I am a Slurm cluster user.

I found it straightforward to build a conda environment and run the code on a local machine using the provided build_openrlhf.sh script. Well done!

However, the build_openrlhf.sh script doesn't work if you are a slurm cluster user. You may encounter specific errors when running the sft code. Here, I provide my solutions for these errors:

ImportError: /home/user/anaconda3/envs/rlhf/lib/python3.10/site-packages/flash_attn_2_cuda.cpython-310-x86_64-linux-gnu.so: undefined symbol: _ZN2at4_ops5zeros4callEN3c108ArrayRefINS2_6SymIntEEENS2_8optionalINS2_10ScalarTypeEEENS6_INS2_6LayoutEEENS6_INS2_6DeviceEEENS6_IbEE

This error occurs both on my local machine and on my slurm cluster.

Solution 1: Uninstall flash-attn and reinstall it using the commands below:

pip3 uninstall flash-attn
FLASH_ATTENTION_FORCE_BUILD=TRUE pip3 install flash-attn==2.5.0

Solution 2: Reinstall flash-attn with the corresponding cxx11abiFALSE version manually. You can find it on this page: https://github.com/Dao-AILab/flash-attention/releases/tag/v2.4.2. This solution is provided by https://github.com/Dao-AILab/flash-attention/issues/451

I opted for solution 1, but I recommend others to choose solution 2 to exactly follow the setup of the openrlhf project.

ninja: build stopped: subcommand failed. Traceback (most recent call last): File "/home/user/anaconda3/envs/openrlhf/lib/python3.10/site-packages/torch/utils/cpp_extension.py", line 2096, in _run_ninja_build subprocess.run( File "/home/user/anaconda3/envs/openrlhf/lib/python3.10/subprocess.py", line 526, in run raise CalledProcessError(retcode, process.args, subprocess.CalledProcessError: Command '['ninja', '-v']' returned non-zero exit status 1. ... RuntimeError: Error building extension 'fused_adam' ImportError: /home/user/.cache/torch_extensions/py310_cu118/fused_adam/fused_adam.so: cannot open shared object file: No such file or directory

This error occurs exclusively on my Slurm cluster. At first glance, it seems to stem from the ninja package. However, after several attempts, it became clear that pip3 was the actual culprit. I strongly advise slurm users not to install requirements using the provided build_openrlhf.sh script. This script uses pip3 which, in most cases, is unstable and not recommended. A more reliable alternative is to install the required packages using conda.
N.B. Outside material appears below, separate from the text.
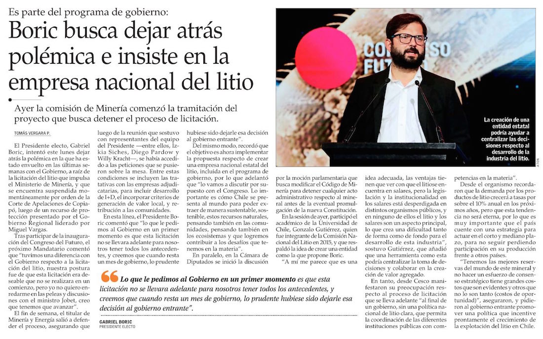 Boric busca cerrar la polémica con Jobet por la licitación del litio - (Diario Financiero)

Included here is my yaml file, which has allowed me to successfully run the code on my slurm cluster.

name: rlhf
channels:
  - huggingface
  - pytorch
  - nvidia/label/cuda-11.8.0
  - defaults
  - conda-forge
dependencies:
  - python = 3.10
  - pip

  - bitsandbytes
  - sentencepiece

  - pytorch::pytorch >= 2.0
  - pytorch::pytorch-mutex =*=*cuda*
  - datasets
  - tokenizers >= 0.13.3
  - einops
  - isort
  - jsonlines
  - loralib
  - optimum
  - wandb
  - packaging
  - peft
  - torchmetrics
  - tqdm
  - transformers==4.38.2
  - wheel
  - nvidia/label/cuda-11.8.0::cuda-toolkit = 11.8
  - pip:
      - accelerate
      - deepspeed==0.13.2
      - flash-attn==2.4.2
      - ray[default]
      - transformers_stream_generator

Hope the aboved information could save your time. Cheers and best wishes in your endeavors!
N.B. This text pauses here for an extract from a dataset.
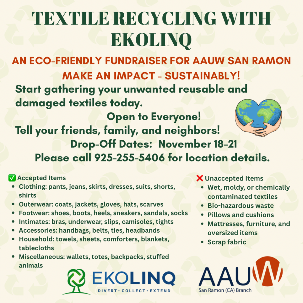 Please mention AAUW San Ramon when you call (925) 406-4867 or go online to make your reservation.

mickel-liu commented 3 months ago

I suspect this is due to incompatible CUDA compiled versions and cxx11 abi compatibility.

If you are using CUDA 11.8 (torch 2.1, python 3.10), you are better off manually installing from the source:

pip3 install https://github.com/Dao-AILab/flash-attention/releases/download/v2.5.6/flash_attn-2.5.6+cu118torch2.1cxx11abiFALSE-cp310-cp310-linux_x86_64.whl

If you get this bug ImportError: libcudart.so.12: cannot open shared object file: No such file or directory, it is likely that you installed with pip3 install flash-attn, which I believe by default is compiled with CUDA 12.1

If you are still getting exceptions on undefined symbols but you are sure that flash-attn has the correct CUDA compiled version (which in my case is 11.8), try either cxx11abiFALSE or cxx11abiTRUE. In my case, I got the exception when I installed the cxx11abiTRUE version but got it working when I installed the cxx11abiFALSE version.

catqaq commented 2 months ago

I suspect this is due to incompatible CUDA compiled versions and cxx11 abi compatibility.

If you are using CUDA 11.8 (torch 2.1, python 3.10), you are better off manually installing from the source:

pip3 install https://github.com/Dao-AILab/flash-attention/releases/download/v2.5.6/flash_attn-2.5.6+cu118torch2.1cxx11abiFALSE-cp310-cp310-linux_x86_64.whl

If you get this bug ImportError: libcudart.so.12: cannot open shared object file: No such file or directory, it is likely that you installed with pip3 install flash-attn, which I believe by default is compiled with CUDA 12.1

If you are still getting exceptions on undefined symbols but you are sure that flash-attn has the correct CUDA compiled version (which in my case is 11.8), try either cxx11abiFALSE or cxx11abiTRUE. In my case, I got the exception when I installed the cxx11abiTRUE version but got it working when I installed the cxx11abiFALSE version.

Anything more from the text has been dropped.